- _Exercise data_:
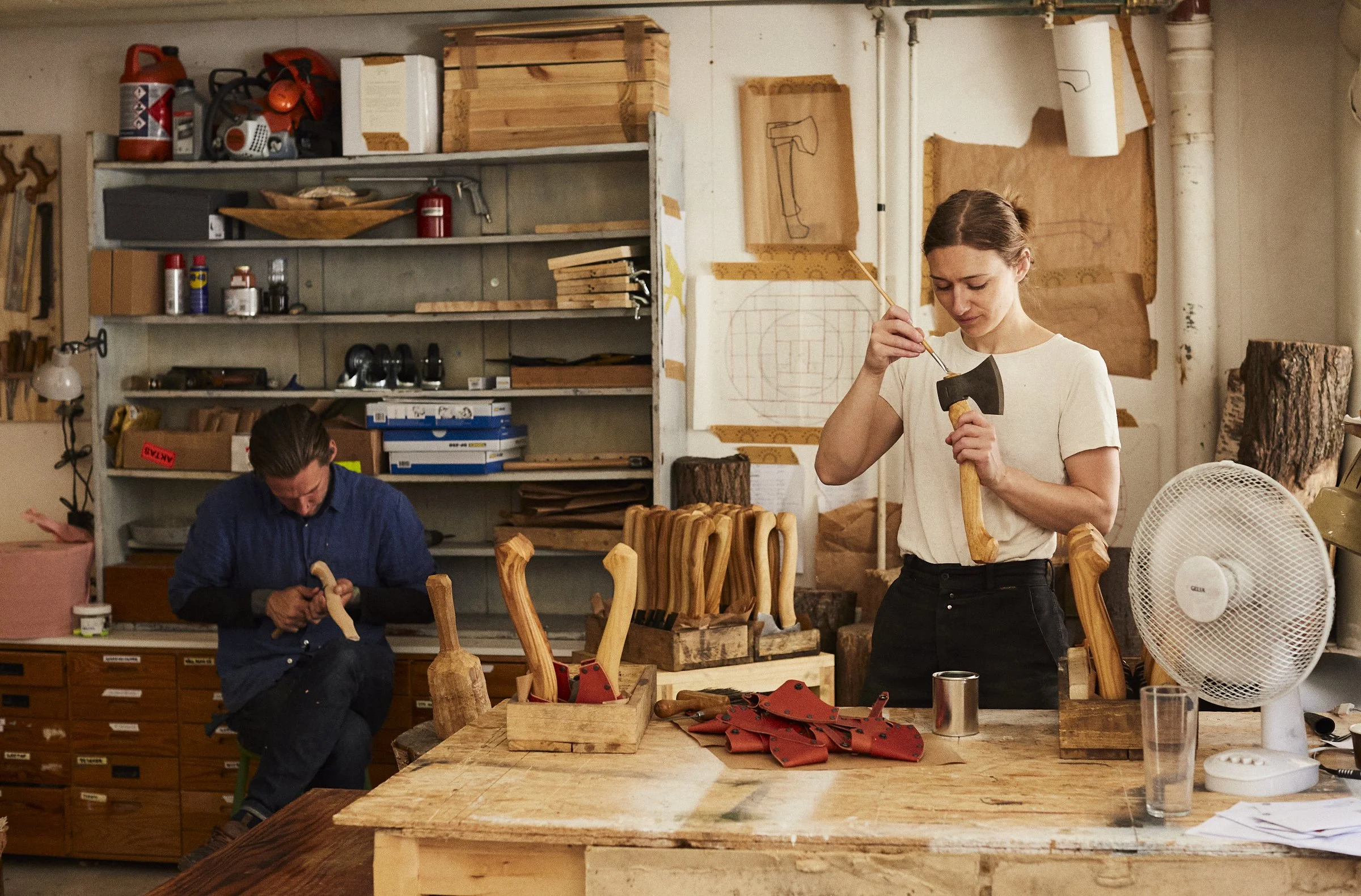Efter smidet tar en annan del av hantverket vid. I sin verkstad formar Julia yxskaft, oljar in träet, slipar eggen och monterar yxhuvudet. Bilderna visar de nyoljade skaften, stålets skärpa och händerna som metodiskt arbetar fram den färdiga yxan.
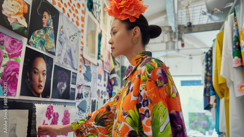 © Anna, Fototapeta premium Fashion designer in a colorful studio evaluating patterns and fabric samples on a wall. Textile design, creative process, fashion development, designer workspace, inspiration board.
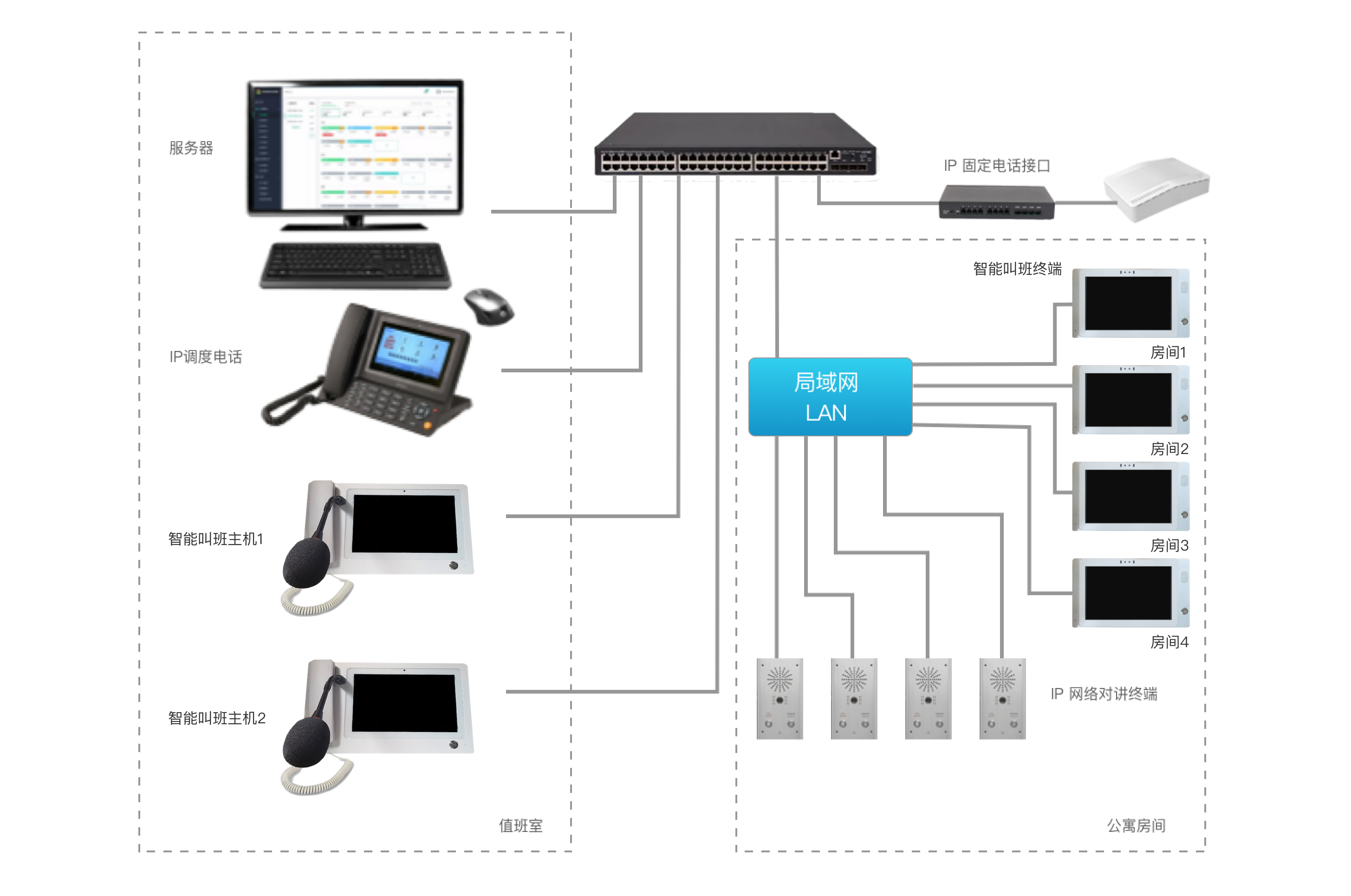 以IP网络为核心,智能叫班系统通过人脸识别、实时对讲和智能报警等功能,显著提升管理效率与安全性,助力铁路公寓及各类服务场所的智能化升级。

- _Your task_: Transcribe the material exactly, keeping every word and none of the pictures.

- _Output for this exercise_:
Efter smidet tar en annan del av hantverket vid. I sin verkstad formar Julia yxskaft, oljar in träet, slipar eggen och monterar yxhuvudet. Bilderna visar de nyoljade skaften, stålets skärpa och händerna som metodiskt arbetar fram den färdiga yxan.
 © Anna, Fototapeta premium Fashion designer in a colorful studio evaluating patterns and fabric samples on a wall. Textile design, creative process, fashion development, designer workspace, inspiration board.
 以IP网络为核心,智能叫班系统通过人脸识别、实时对讲和智能报警等功能,显著提升管理效率与安全性,助力铁路公寓及各类服务场所的智能化升级。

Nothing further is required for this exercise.